The more Matthews learned about the therapeutic potential of psilocybin, the more he wanted to educate others about it and unravel stigma. “I have buddies who are veterans or still serving, suffering from PTSD and depression,” he said. “This could be a tool for those individuals to use.”
“There’s a lot more work to do around psilocybin education and harm reduction that we’re spearheading here in the city.”
Matthews hopes that by raising the profile of mushrooms and decriminalization, Denver’s successful initiative will encourage more people to experiment with psilocybin as a treatment for different mental illnesses. He notes that I-301 doesn’t provide a medical model, or legalize distribution or sales. But the Psilocybin Policy Review Panel will have had the task of examining how Denver residents use mushrooms, and of charting the course for future reforms.
“The panel will be the first of its kind in the nation to assess and review the impact of decriminalization in Denver,” Matthews told Filter. “The police department and sheriff’s department will be required to establish reporting criteria on arrests for psilocybin to track this better and gather more data.”

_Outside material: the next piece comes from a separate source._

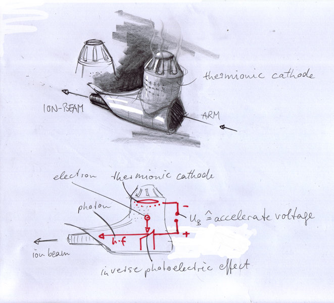 with a strong beam of photons the object you are pointing at will ionize. so its charged. above the arena is a magnet which will make the object hover.

Beyond passing I-301, the campaign had another important mission: citizen education. “There’s a lot more work to do around psilocybin education and harm reduction that we’re spearheading here in the city,” Matthews said. “We want people to learn about safety and the proper precautions if they do choose psilocybin. We have 50 years of government misinformation about psilocybin to rectify.”
Denver’s dramatic decriminalization could kickstart a broader discussion about decriminalizing all drugs, said Ifetayo Harvey, marketing coordinator for the Drug Policy Alliance (DPA). “Psilocybin is not a drug we usually think about when considering the War on Drugs, drug arrests and convictions,” she said. “Folks using psilocybin are not as heavily targeted by corrupt and racist policing.”

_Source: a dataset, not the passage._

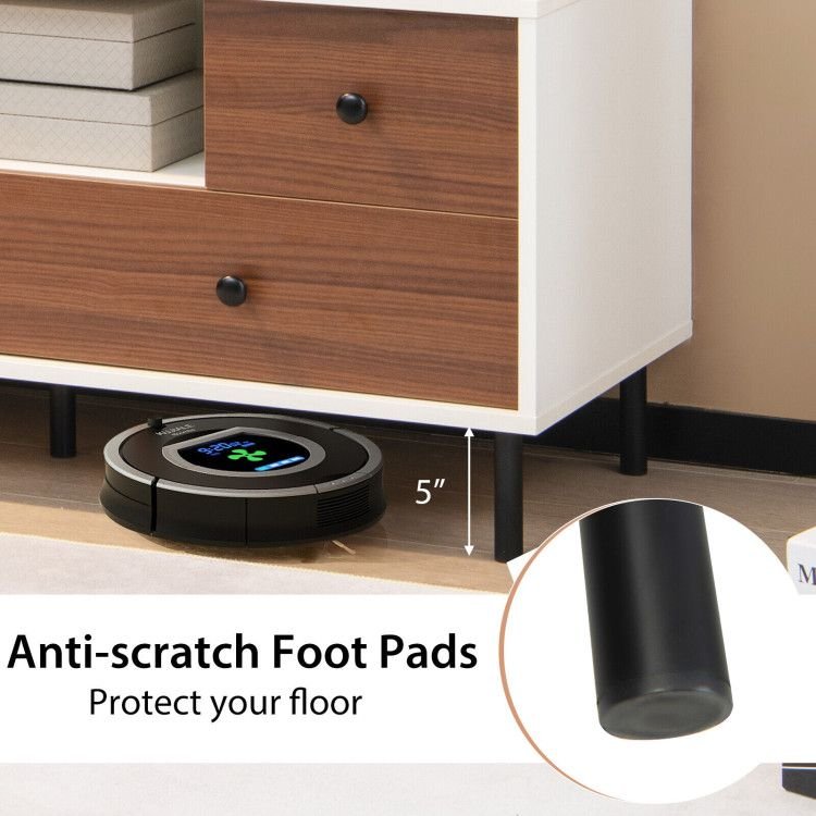 4.5-Leg Sturdy Construction: The cabinet is made of thickened engineered wood, and is supported by 5 heavy-duty steel legs, of which the middle leg can effectively prevent the cabinet base from sinking or deforming. In addition, the metal legs are fitted with anti-scratch pads to protect the floor.

However, decriminalizing one drug at a time has limitations, Harvey explained, because drug law enforcement is highly racialized. Black and brown people are targeted by police for possession of drugs like marijuana, cocaine and heroin, while the comparatively smaller, whiter population of Americans who use psilocybin can more easily fly under the radar.
Decriminalization also needs to be clearly defined to succeed, Harvey said. She highlighted the example of her current home city of New York, where city officials have taken progressive steps over the years to decriminalize low-level marijuana possession. “But what we see is that racist policing in New York still targets black and brown youth for marijuana and criminalizes them for having weed ‘in public view’,” she said. “We need to make sure we iron out any kinks in these policies.”
“This isn’t really about Denver, Denver’s just the first domino.”
Harvey also urged cities to implement criminal record expungement and sealing measures, as well as decriminalization. These would ensure that people who were arrested, convicted, and incarcerated for drug offenses—losing their livelihoods, education opportunities, and even families in the process—can get a fair chance after reform.
Matthews is counting on Denver’s successful decriminalization effort being replicated and expanded on around the country.
“This isn’t really about Denver, Denver’s just the first domino,” he said. “This is much more of a human movement, about individuals knowing they have other options when it comes to their mental health and addiction issues.”